The question is what happens when you try to play a two track mono show back into the Solo for overdubbing. I wonder if the drivers fall over.

Koz

Using Windows 10 and Behringer U-Phoria UMC202HD. I have the drivers for the Behringer installed and they specify Windows 10.

I can import an audio drum track and it plays through fine. I can import the second track and it plays through perfect, but the following message appears after I try to record a track using my Behringer.

Latency Correction setting has caused the recorded audio to be hidden before zero. Audacity has brought it back to start at zero.
You may have to use the Time Shift Tool (<—> or F5) to drag the track to the right place.

When I click record, the red bar stalls and recording doesn’t happen.

I’m very new to the home recording process and I don’t have a full understanding of setting up this system. I just know that I want to monitor what I am recording as I play. Any support for getting this setup would be greatly appreciated.

Digital Amnesia: I am having exactly the same problem you described. Behringer 404 connected to new windows10 laptop. I can record the first track, but when I go to overdub, I can not hear the first track. If I activate “overdub” in the settings, I now can NOT record the second track, because it stalls and does nothing exactly as you described. I can not figure it out. Have you had any luck with this issue? I’m guessing it’s user error, but I have looked over everything a hundred times.

Ensure that you are using the same sample rate throughout.
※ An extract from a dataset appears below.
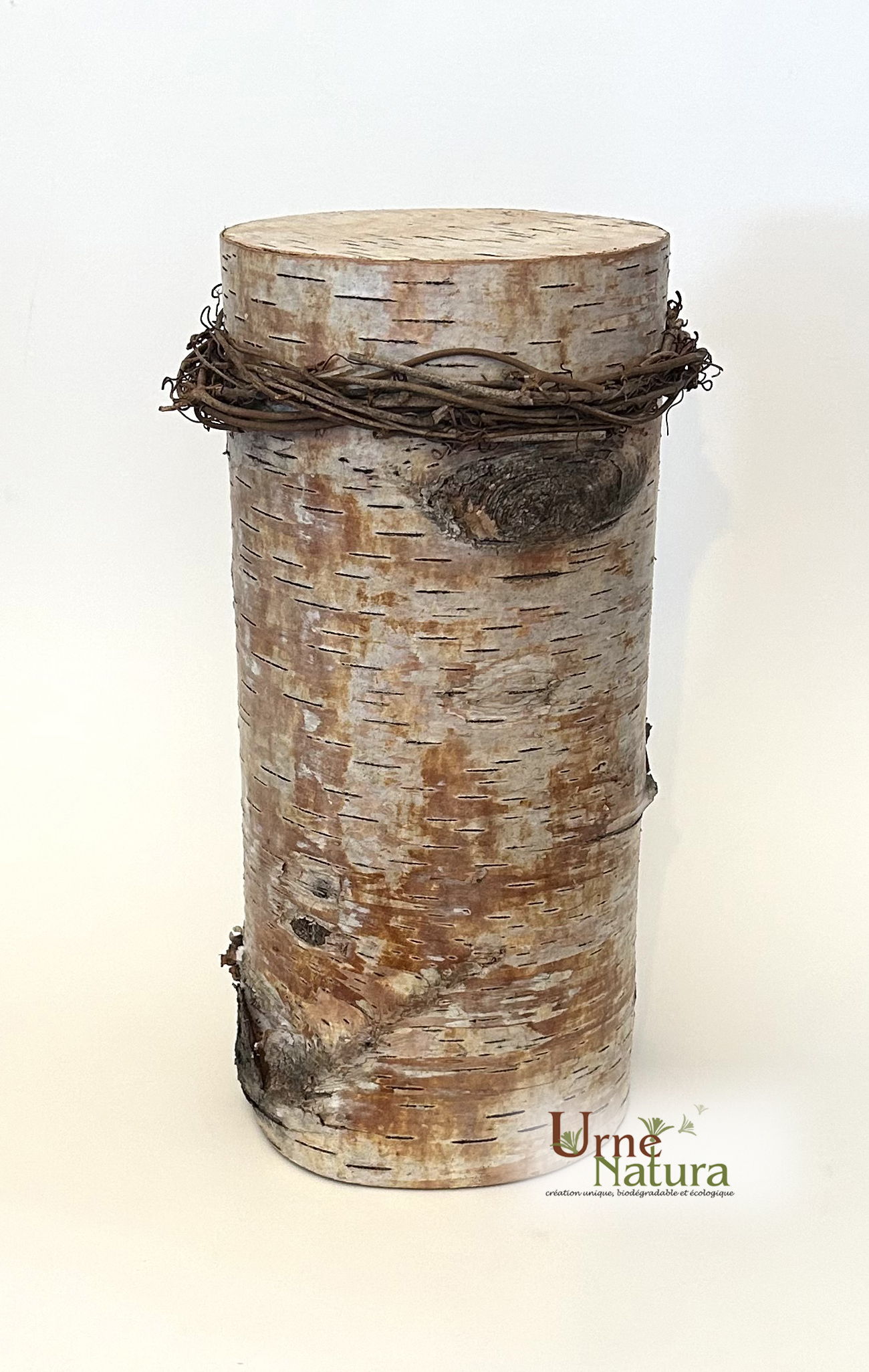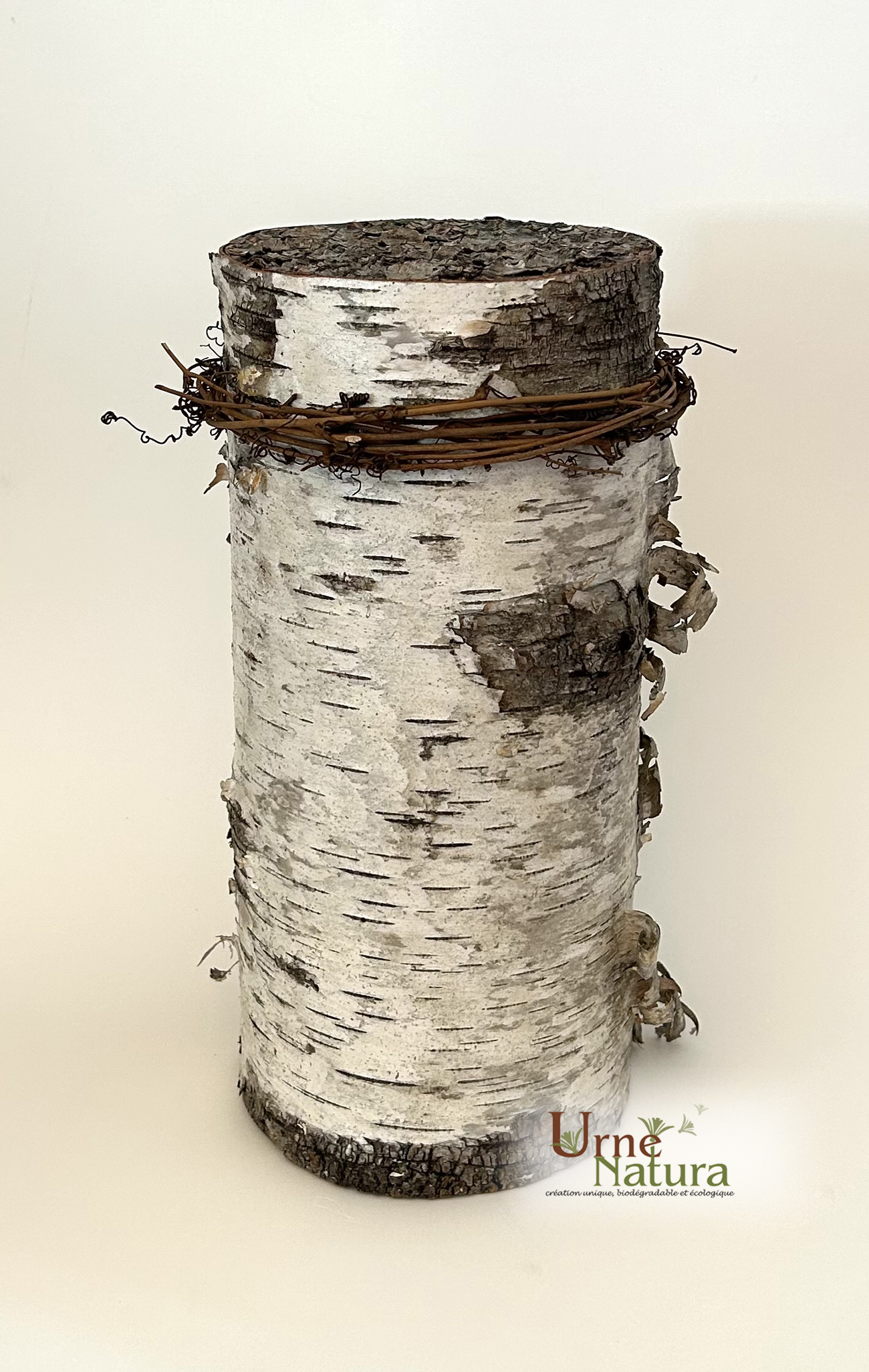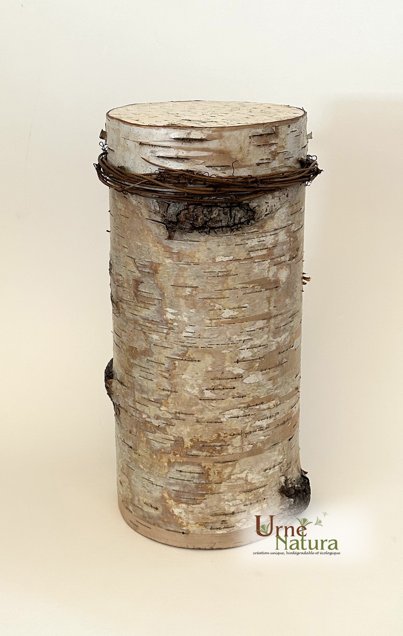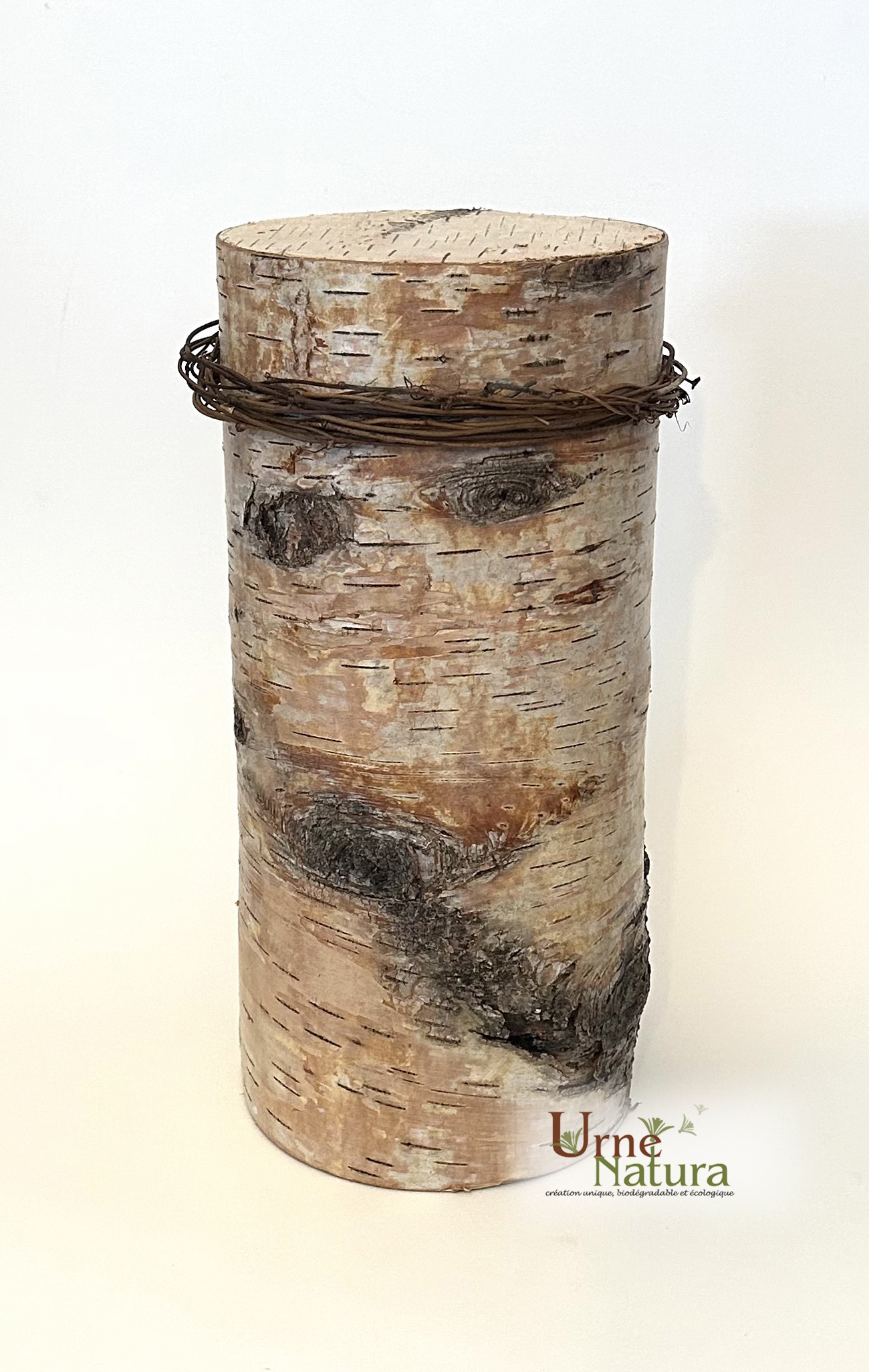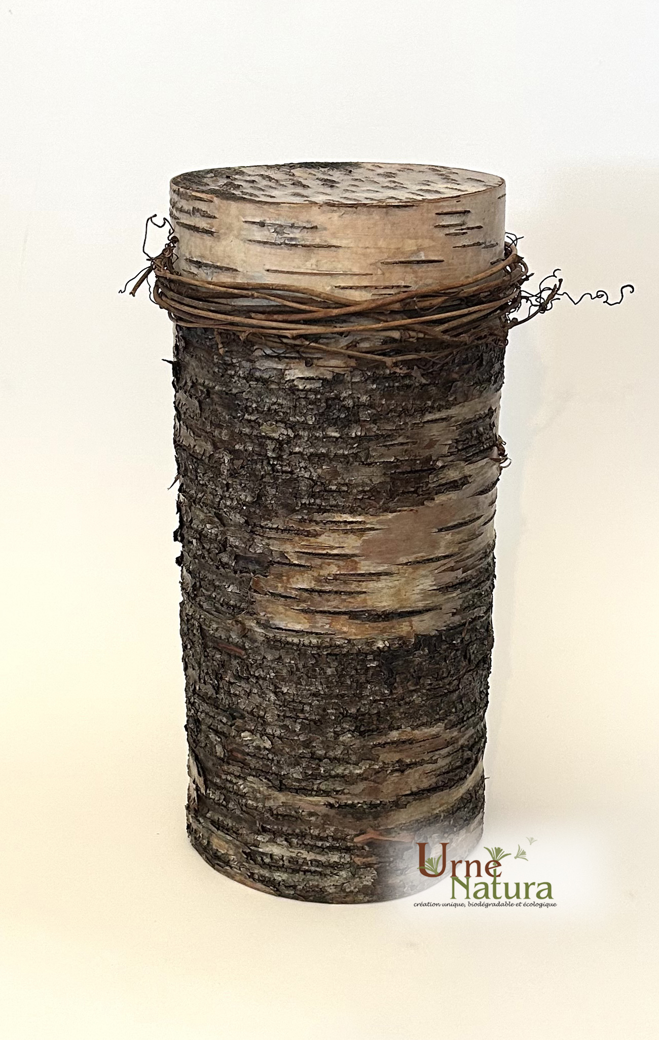 Urne de vie entièrement écologique et biodégradable composée de carton, de champignons, de mousses, de lichens, de vignes et d’écorces.

  • The “native” sample rate for the Behringer 404 is likely to be either 44100 or 48000, so try both of these.
  • Check the sample rate for recording and playback for this device in the Windows Sound Control Panel.
  • In Audacity, set the default sample rate to match (in “Edit menu > Preferences > Quality”).
  • Ensure that the “Project Rate” (lower left corner of the main Audacity window) also matches.